§ What to do
Your answer should be the lines from the one with "BULL'S Série Veco" to the end of the data below, both included, exact and free of pictures.

Records from a data source:
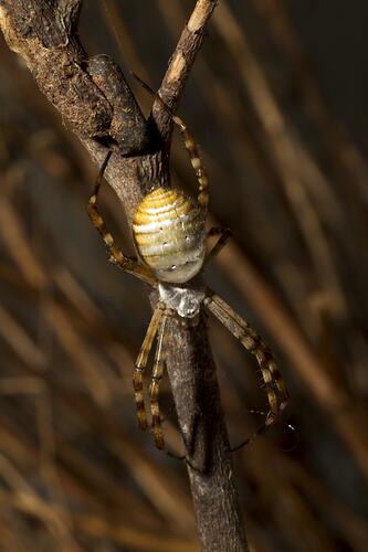 Carapace (the hard shell-like covering over the front part of the spider) silver-white, abdomen oval and pointed towards the rear. Female abdomen shimmery white and yellow with darker horizontal lines, long legs banded black and brown. Male abdomen shimmery white with gold highlights, legs unbanded light brown or yellow. Body length: female 10-26 mm, male 4-6 mm.
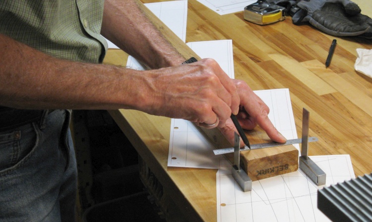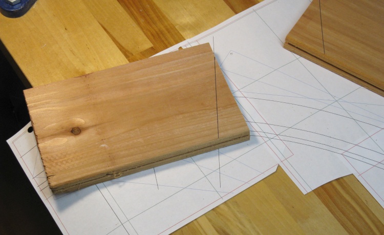 Here I'm marking the cut angle on to one of the pieces based on the plans.
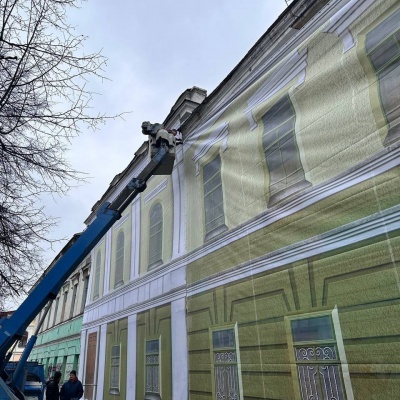 Цена изготовления фальшфасада на баннерной сетке от 210 руб за м2
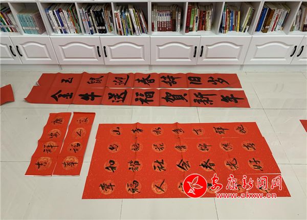 本網訊(通訊員 宮再朋 張艷)1月27日,在紫荊鎮(zhèn)各村文化活動室里,來自各村的書法愛好者們揮毫潑墨,為村民們義寫春聯(lián)。一副副飄著墨香,飽含著濃濃年味、美好祝福的春聯(lián)相繼出爐,行書、楷書、隸書等多種字體各顯神韻,不一會就鋪滿了地面。
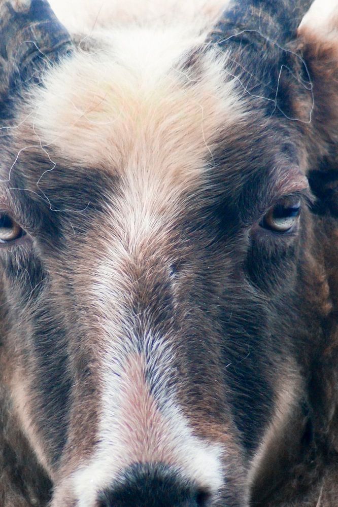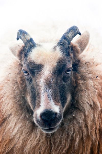 This Drentse Heideschaap looked straight into the lens. She was standing in a beautiful white landscape as the meadow was covered in a layer of snow.
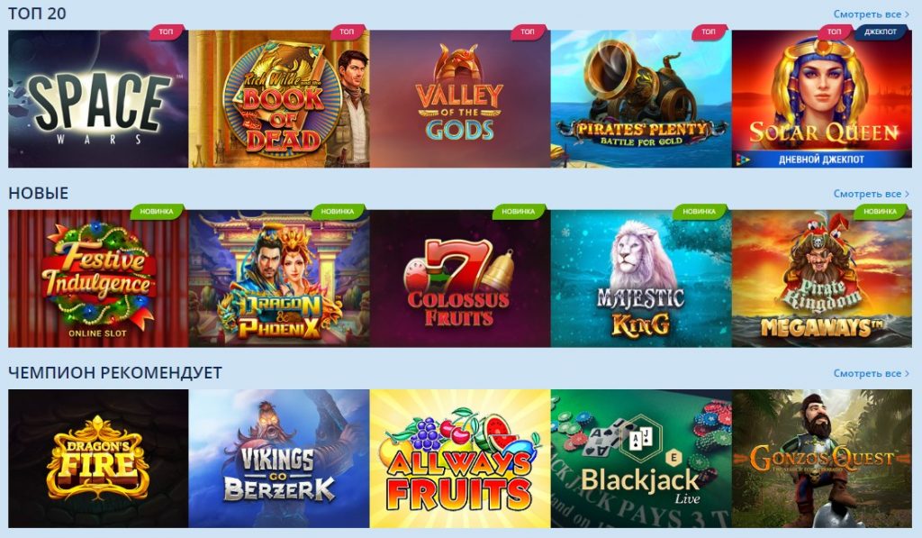 Самые выигрышные игровые автоматы казино Champion
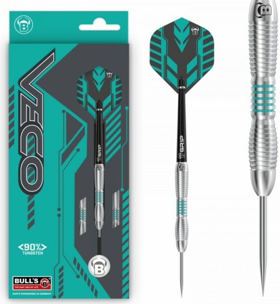 BULL'S Série Veco zaujme inovativní kombinací vysoce kvalitního materiálu a inovačního designu. S působivým 90% obsahem wolframu zaručují tyto šipky dokonalou rovnováhu a odolnost. Zvláštností všech šipek Veco je barevně odlišené vybrání pro úchop barelu, které umožňuje přesně reprodukovat úchop při každém hodu. To podporuje konstantní techniku házení. Sharkgrip - toto uchopení zajišťuje optimál...
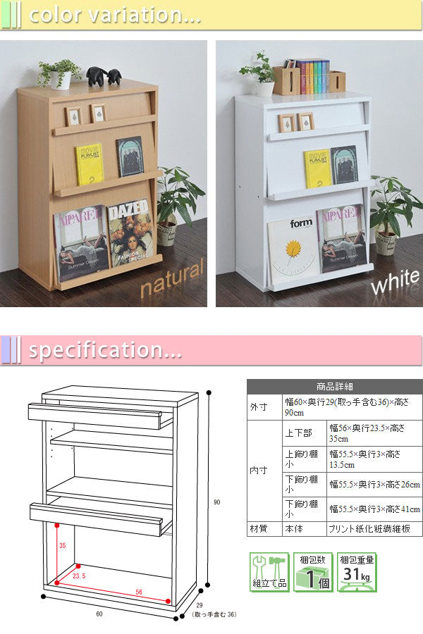 [内寸](上下部)幅56×奥行23.5×高さ35cm(上飾り棚小)幅55.5×奥行2.5×高さ13.5cm(上飾り棚大)幅55.5×奥行2.5×高さ26cm(下飾り棚)幅55.5×奥行2.5×高さ41cm(可動棚)幅56×奥行22.5×厚み1.8cm(3.2cmピッチ5穴)

§ Expected output
 BULL'S Série Veco zaujme inovativní kombinací vysoce kvalitního materiálu a inovačního designu. S působivým 90% obsahem wolframu zaručují tyto šipky dokonalou rovnováhu a odolnost. Zvláštností všech šipek Veco je barevně odlišené vybrání pro úchop barelu, které umožňuje přesně reprodukovat úchop při každém hodu. To podporuje konstantní techniku házení. Sharkgrip - toto uchopení zajišťuje optimál...
 [内寸](上下部)幅56×奥行23.5×高さ35cm(上飾り棚小)幅55.5×奥行2.5×高さ13.5cm(上飾り棚大)幅55.5×奥行2.5×高さ26cm(下飾り棚)幅55.5×奥行2.5×高さ41cm(可動棚)幅56×奥行22.5×厚み1.8cm(3.2cmピッチ5穴)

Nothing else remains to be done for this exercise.